======== EXTRACTED DATA ========

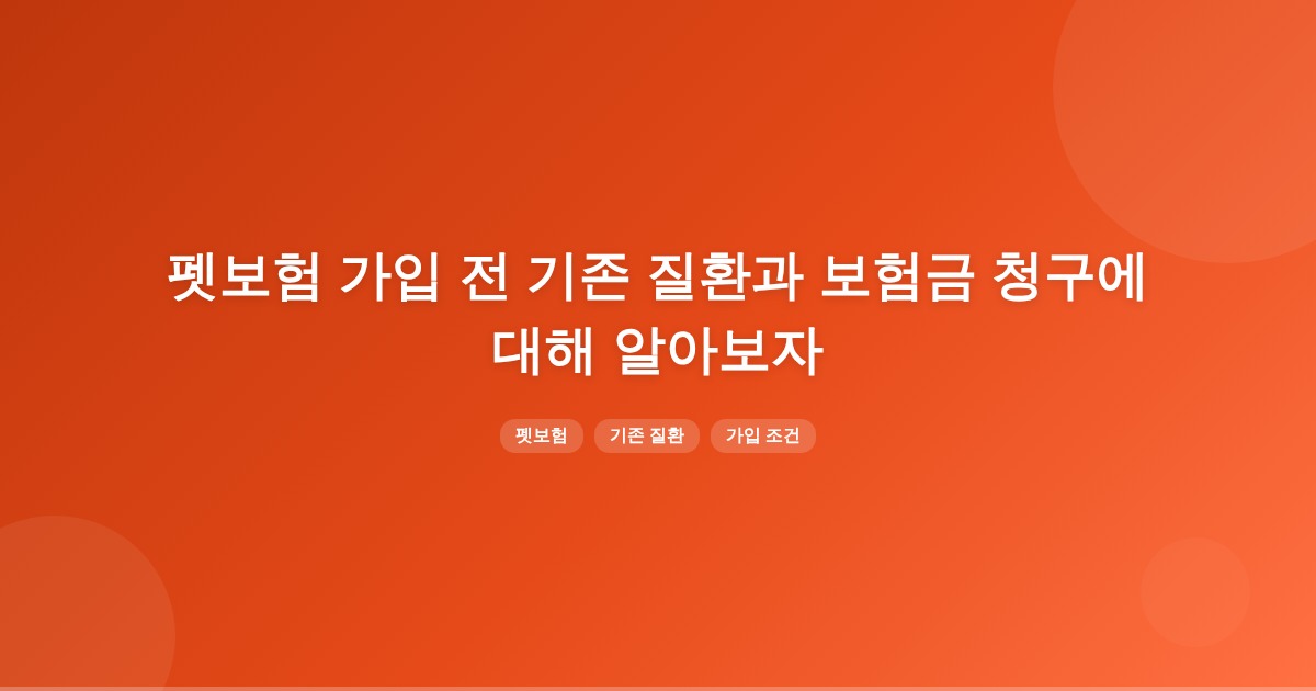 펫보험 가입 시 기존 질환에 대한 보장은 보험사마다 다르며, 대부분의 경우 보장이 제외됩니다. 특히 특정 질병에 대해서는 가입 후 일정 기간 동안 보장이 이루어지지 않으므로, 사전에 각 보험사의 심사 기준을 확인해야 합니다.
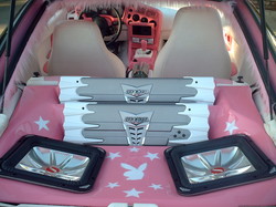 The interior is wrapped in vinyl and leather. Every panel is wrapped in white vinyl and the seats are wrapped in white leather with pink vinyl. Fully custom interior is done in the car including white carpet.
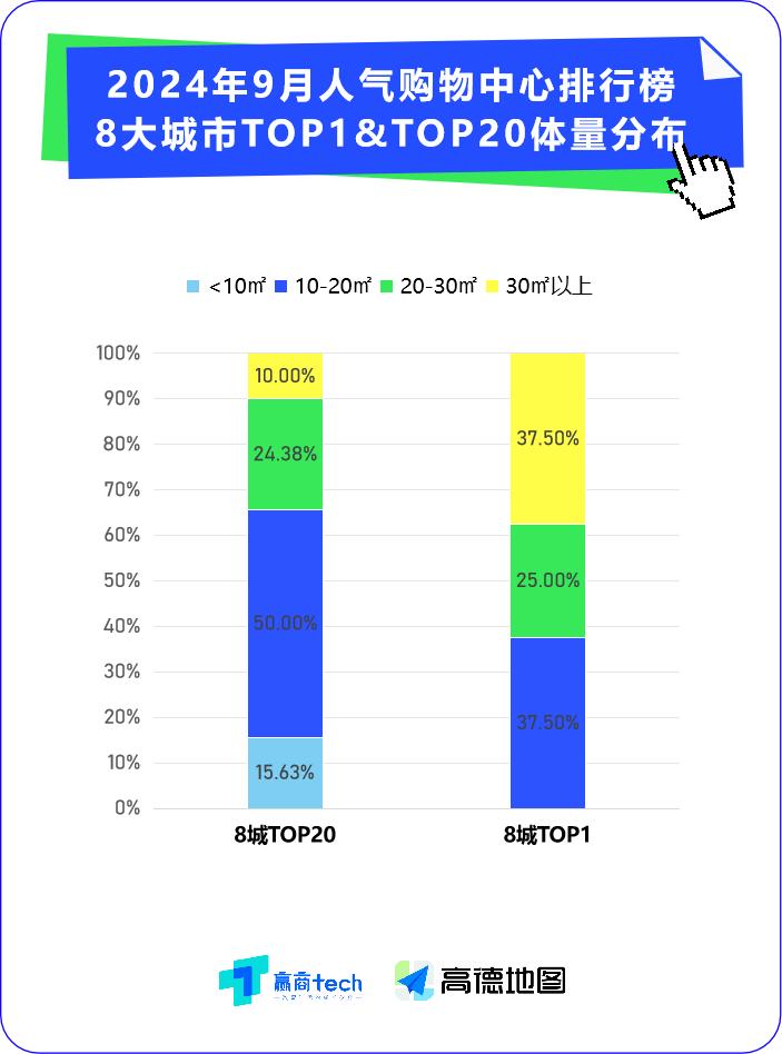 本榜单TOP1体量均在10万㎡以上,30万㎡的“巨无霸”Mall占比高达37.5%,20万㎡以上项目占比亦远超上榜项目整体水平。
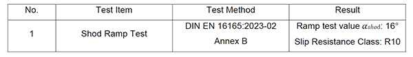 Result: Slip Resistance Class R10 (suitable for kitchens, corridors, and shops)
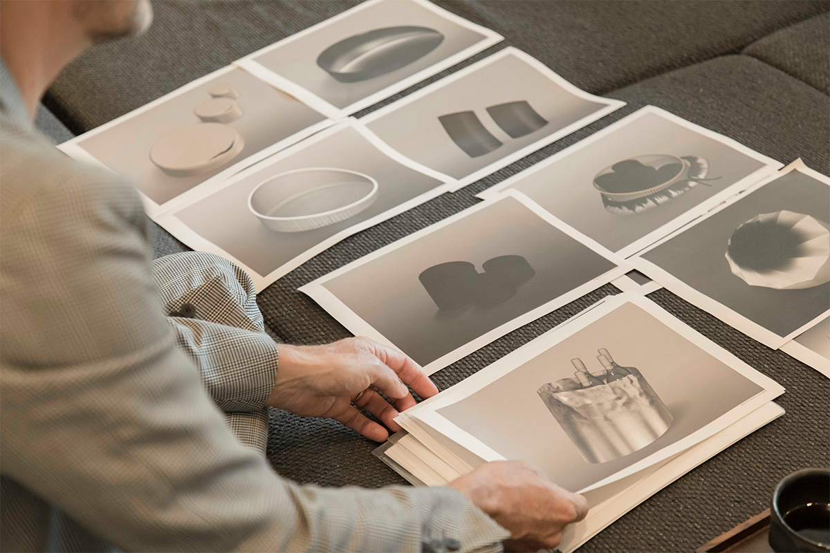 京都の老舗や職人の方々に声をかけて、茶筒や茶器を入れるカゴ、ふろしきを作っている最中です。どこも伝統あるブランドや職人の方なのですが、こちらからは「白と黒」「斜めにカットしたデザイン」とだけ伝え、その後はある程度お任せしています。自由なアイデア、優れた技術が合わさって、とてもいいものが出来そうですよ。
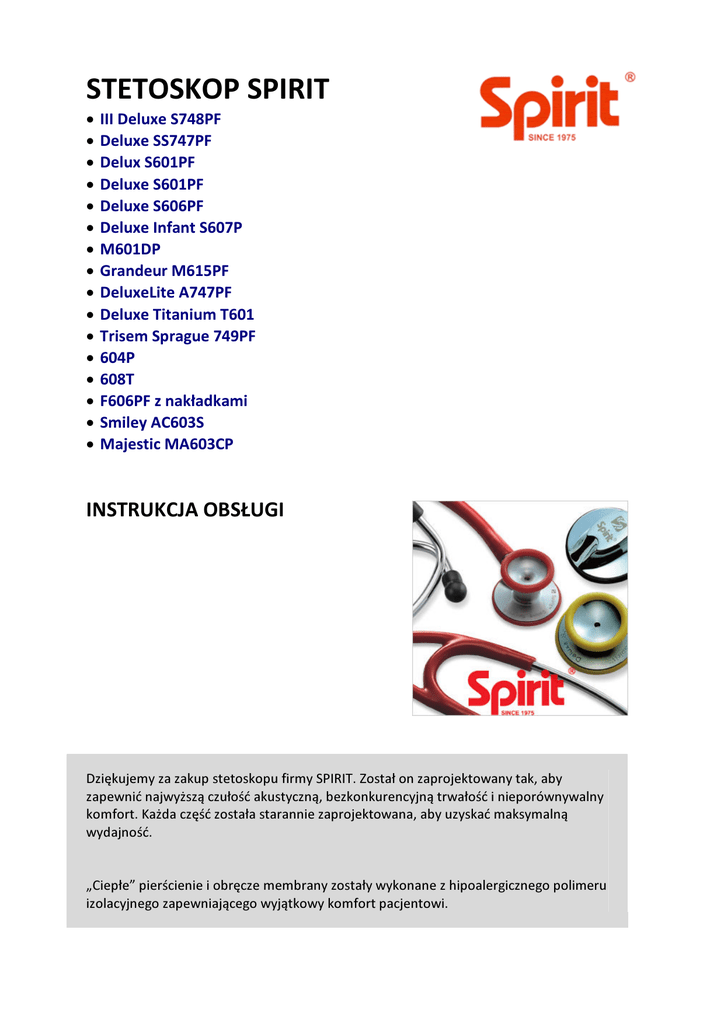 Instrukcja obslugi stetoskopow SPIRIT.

========

Starting from the first line of the listing above, write out every line exactly through the one containing "本榜单TOP1体量均在10万", and drop the pictures.

 펫보험 가입 시 기존 질환에 대한 보장은 보험사마다 다르며, 대부분의 경우 보장이 제외됩니다. 특히 특정 질병에 대해서는 가입 후 일정 기간 동안 보장이 이루어지지 않으므로, 사전에 각 보험사의 심사 기준을 확인해야 합니다.
 The interior is wrapped in vinyl and leather. Every panel is wrapped in white vinyl and the seats are wrapped in white leather with pink vinyl. Fully custom interior is done in the car including white carpet.
 本榜单TOP1体量均在10万㎡以上,30万㎡的“巨无霸”Mall占比高达37.5%,20万㎡以上项目占比亦远超上榜项目整体水平。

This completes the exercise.